A new 187-acre park to be built by the city of Richmond Hill behind the Sterling Creek Plantation subdivision off Harris Trail could have a groundbreaking as early as mid-September.

A steering committee charged with designing the park held its initial meeting Monday to discuss the first phase of what will be considered a “passive park” that eventually will include running, mountain biking and walking trails, primitive camping and fishing. It is termed a passive park because it will not include facilities for organized team sports such as baseball, softball or soccer.

Groundbreaking might be held Sept. 15 in conjunction with the Wetlands Adventure Relay being hosted on the property by the Richmond Hill High School cross country program.

The committee decided that phase 1 of the project will include the construction of a parking lot, restrooms and a fishing dock at a small lake that is considered the centerpiece of the property. Running and biking enthusiasts are mapping out locations for trails and determining the materials needed to construct them. Swimming will not be allowed in the lake unless it is part of an organized event, such as a triathlon, and participants would be required to sign liability waivers.

The committee hopes to finish that phase by early 2017.

City Councilman Russ Carpenter said the city will also have to start considering names for the park.

“So far I’ve been referring to it as ‘Sterling Creek Park’ because of the location, but council will have to come up with an official name,” he said.
Carpenter said he would also like to pursue a community garden where people could rent plots — perhaps 20 feet by 20 feet — to grow their own produce.

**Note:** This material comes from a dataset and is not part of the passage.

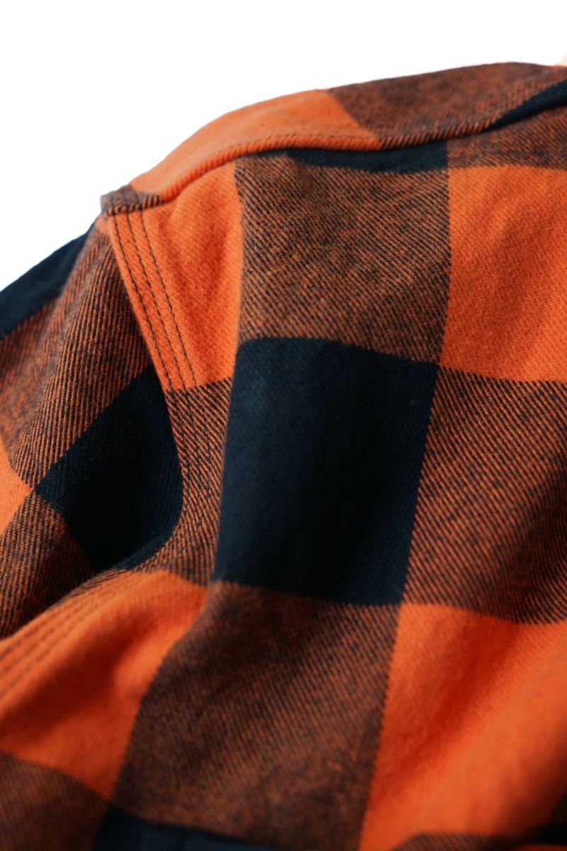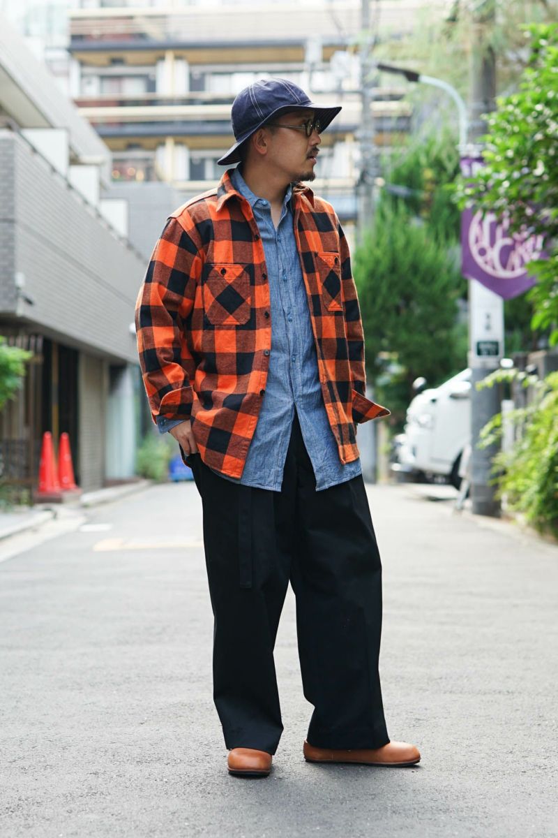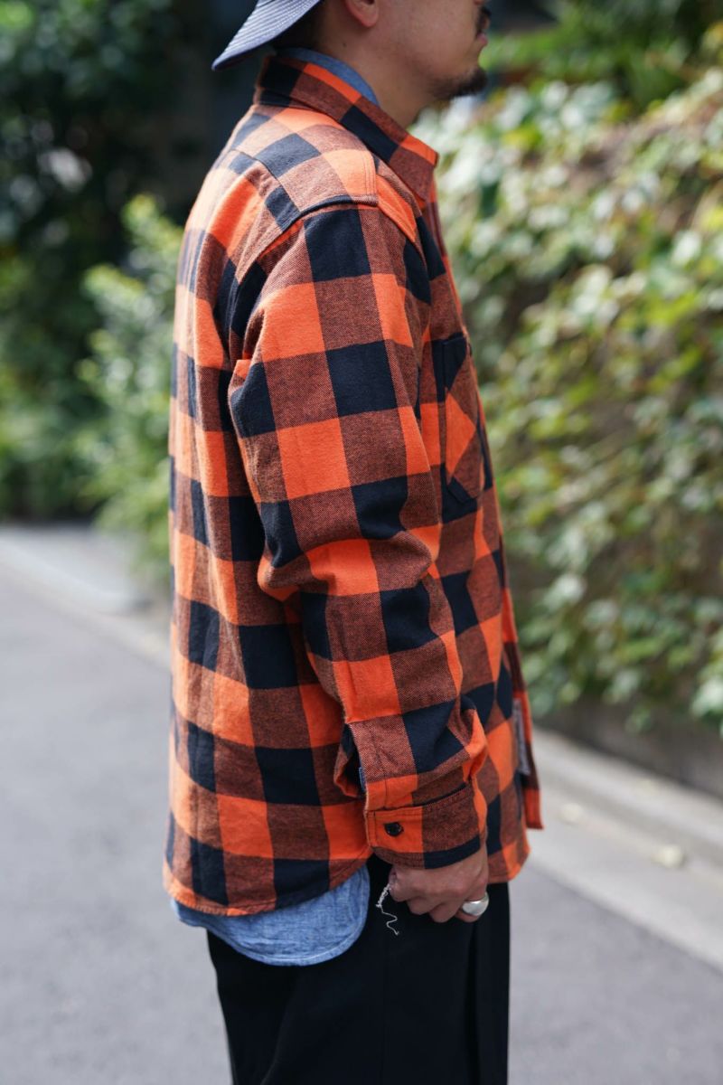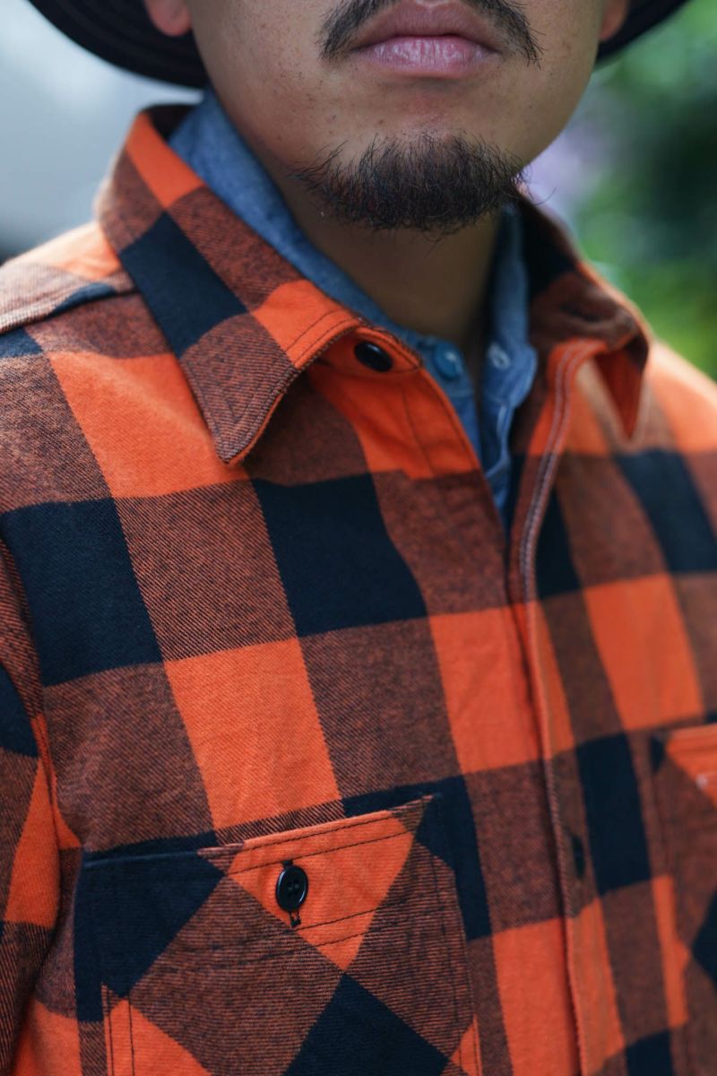 ボンクラ独自の解釈を加えたこのワークシャツは、一見シンプルに見えるものの、細部に至るまでこだわりが詰まっています。生地はネル素材を使用。生地目がしっかりと詰まった厚みのあるネル地で、程よい起毛感が特徴です。暖かみがありながらも通気性に優れ、幅広いシーズンで着用できる汎用性を持っています。

The city purchased the land five years ago from a bank for $700,000.

“There was some interest from a developer who wanted to put homes in there, but that would have led to some real access problems,” Carpenter said. “It would be a great location for a park because J.F. Gregory is pretty much maxed out and is more of an event venue than a recreation site.”

The steering committee is scheduled to meet again at 10 a.m. July 25 at City Hall.